Caffeine Boosts Stress Level All Day Long
Caffeine,
found in beverages that we consume everyday, is the biggest culprit behind high
blood pressure and high stress levels. In America, 85
percent of adults drink caffeine every day, in the form of tea, coffee or soft
drinks.
Today, researchers tell us that the effects of caffeine are long lasting. If
you consume caffeine at 1 p.m., the effects of caffeine will persist until bedtime.
The average cup of coffee contains about 100 mg of caffeine.

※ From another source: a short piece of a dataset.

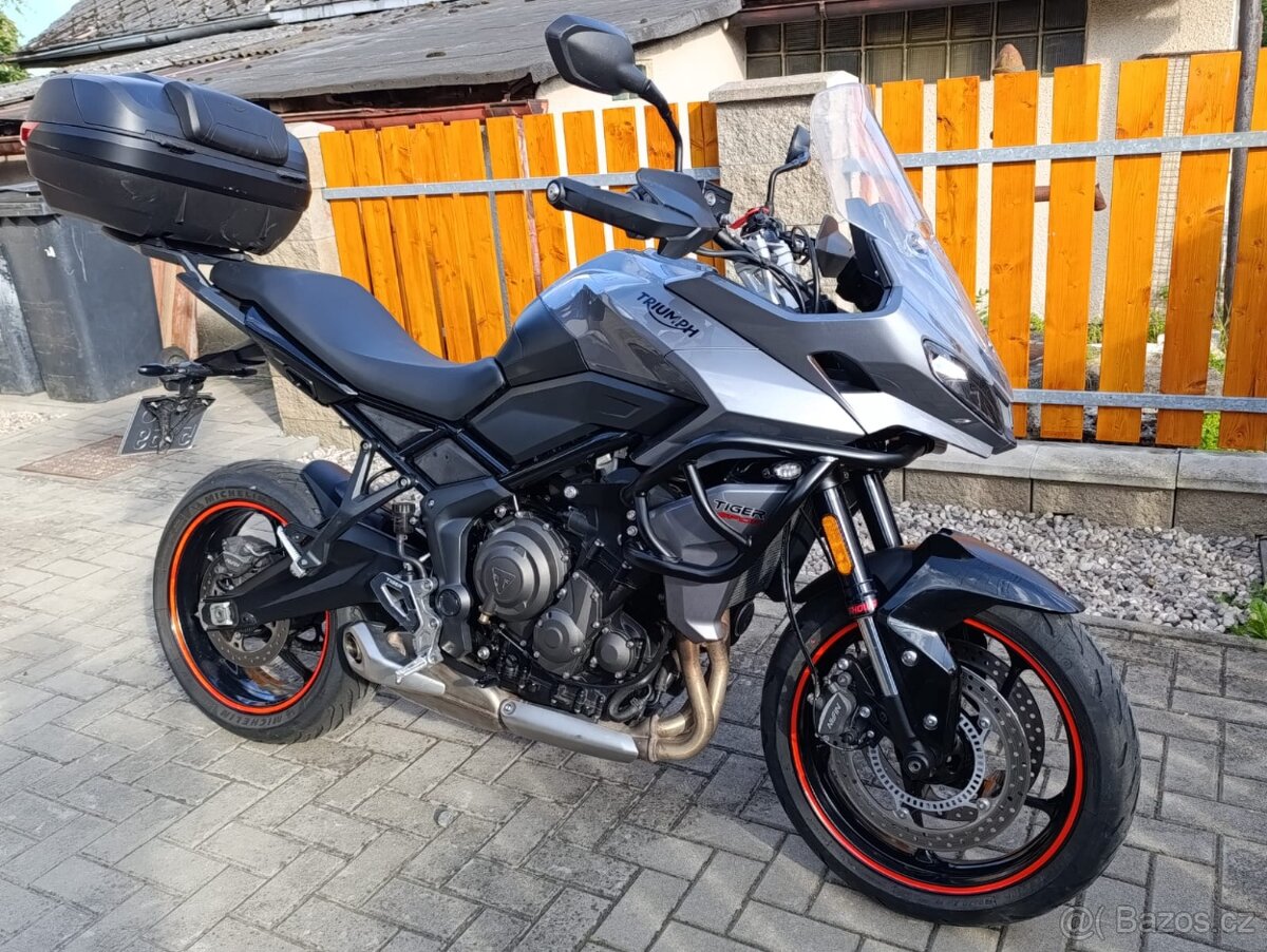 Dobrý den nabízím Triumph Tiger sport 660 rok výroby 2022 najeto 30000 km motorka má ve výbavě padací rámy vyhřívané rukojeti, kufr originál triumph, přidám ještě alu kryt pod motor, není na foto, motorka nevyžaduje žádné investice, cena 167000

Caffeine consumed on a regular basis could increase your risk of getting heart
disease.
An interesting study on the effects of caffeine was then conducted. The sampling
group comprised 47 regular coffee drinkers, who were given either 500 milligrams
of caffeine, in the form of two pills, or placebos. Whether these pills contained
a placebo or caffeine was not revealed to the participants.
The quantity of caffeine in the pill was approximately equivalent to that contained
in 4 small (8 ounce) cups of coffee. The second pill given to the group was
taken no later than 1 pm. During this time, the participants were requested
to record their stress levels. Their blood pressure, heart rate, and the quantity
of certain substances they excreted in their urine, were also closely monitored
by the researchers. Close analysis of the results revealed that when the
participants took a caffeine-containing pill, they had slightly higher blood
pressure levels and produced 32 percent more of the stress hormone epinephrine.
They also felt more stressed when compared to the days they took
the placebo.
The effects of caffeine persist in the body because of caffeine’s slow deterioration
rate. Our bodies are able to rid itself of only half the amount of caffeine
every 4 hours. As such, if we were to take 400 mg of caffeine at 8 in the morning,
there would be 200 mg left in our bodies at 12 p.m. and 100 mg left at 4 p.m.
This means that after 12 hours of consuming caffeine, our bodies will still contain
one-eighth the amount we first drank in the morning.